Hebatnya, solidaritas sosial ternyata tidak menyurut. Begitu beredar kabar Gunung Semeru yang terletak di Kabupaten Lumajang, Jawa Timur, meletus, bantuan spontan mengalir dari berbagai kalangan. Masyarakat biasa, baik perorangan maupun kelompok, badan usaha, hingga pemerintah provinsi lain bergerak membantu.

Ini menunjukkan kedermawanan sudah benar-benar menjadi watak masyarakat kita. Budaya gotong royong masih terpelihara meski intensitasnya menurun, terutama di kota-kota besar. Ketika terjadi bencana besar di mana pun di Tanah Air, bangsa Indonesia bersatu mengulurkan tangan kepada para korban.

Hal yang masih menjadi persoalan ialah koordinasi dan kecepatan penyaluran bantuan hingga sampai sasaran secara tepat. Kita sering mendengar para wakil rakyat dan pejabat begitu sigap meninjau lokasi bencana. Di saat yang sama, para korban mengeluh belum mendapatkan bantuan meski lingkungan mereka telah dikunjungi.

Bukan hanya penyaluran bantuan, kecepatan kerja pemulihan korban dari dampak bencana memprihatinkan. Saat serangkaian gempa dahsyat mengguncang Nusa Tenggara Barat pada Juli-Agustus 2018, tidak kurang dari 564 jiwa tewas. Lebih dari 200 ribu rumah penduduk hancur hingga membuat hampir setengah juta warga kehilangan tempat tinggal.

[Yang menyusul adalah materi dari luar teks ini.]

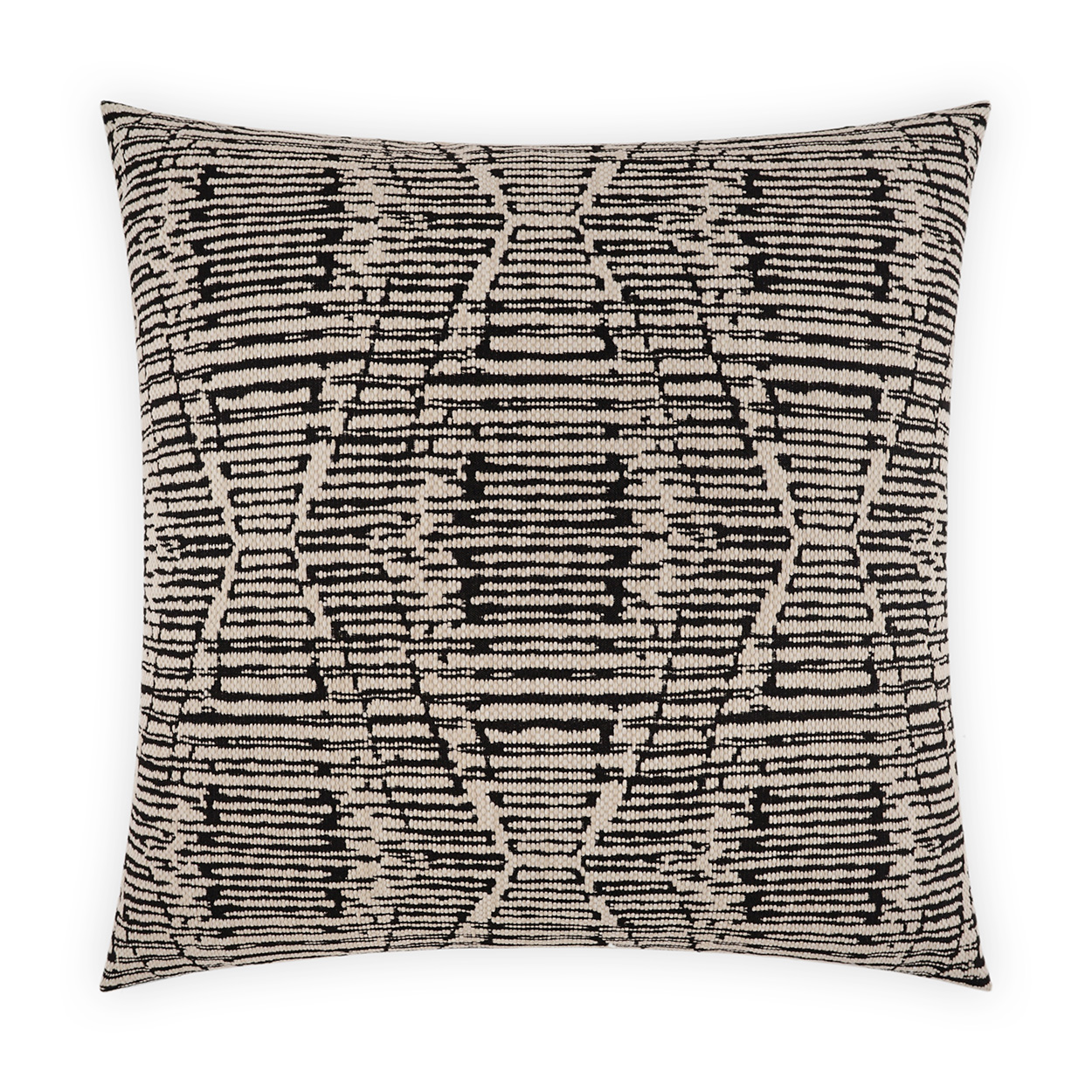 Ozetta – Ebony throw pillows by DV Kap Home feature a black color scheme in a global, farmhouse design. Each throw pillow includes a removable cover with hidden zipper and a 95% feather, 5% down insert. Handcrafted in California using fabrics sourced right here in the USA.

Bantuan dan anggaran rekonstruksi pun dialokasikan. Pembangunan rumah untuk para korban dimulai pada September 2018 dengan jumlah anggaran yang mencukupi. Akan tetapi, apa yang terjadi? Pembangunan begitu lamban. Sampai tahun ini pun, rekonstruksi belasan ribu rumah masih berlangsung.

Hal serupa juga terjadi pascagempa, tsunami, dan likuefaksi di Palu, Kabupaten Sigi, dan Donggala, Sulawesi Tengah, pada Oktober di tahun yang sama. Korban jiwa lebih dari 2.000 jiwa. Puluhan ribu rumah warga juga luluh lantak.

Proses rekonstruksi hunian tetap bagi warga yang menjadi korban hingga kini belum tuntas. Padahal, selain dari dalam negeri, bantuan dana turut mengalir dari negara-negara lain dan komunitas internasional.

Belum lagi masalah ketidaktransparanan penggunaan anggaran proyek rekonstruksi. Itu tentu saja bisa mengundang kecurigaan bahwa ada praktik korupsi di situ.

Sudah menjadi fakta yang kerap dikemukakan KPK bahwa sektor pengadaan barang dan jasa sarat celah rasywah. Berdasarkan catatan KPK hampir 80% kasus korupsi terjadi dalam proses pengadaan di pemerintahan.

Masyarakat sudah begitu antusias memberikan sumbangan baik dalam bentuk barang, jasa, maupun uang setiap kali terjadi bencana.

Alangkah baiknya, dan memang sudah semestinya, diikuti pula dengan kesigapan pemerintah dalam mengoordinasikan bantuan serta bergerak cepat menuntaskan pemulihan pascabencana.

Perbaikan tata kelola di pemerintahan tidak hanya diperlukan pada mitigasi bencana, tetapi juga pemulihan pascabencana. Kedermawanan mesti terus dirawat. Jangan sampai watak mulia bangsa justru menjadi tergerus oleh lunturnya kepercayaan kepada pemerintah.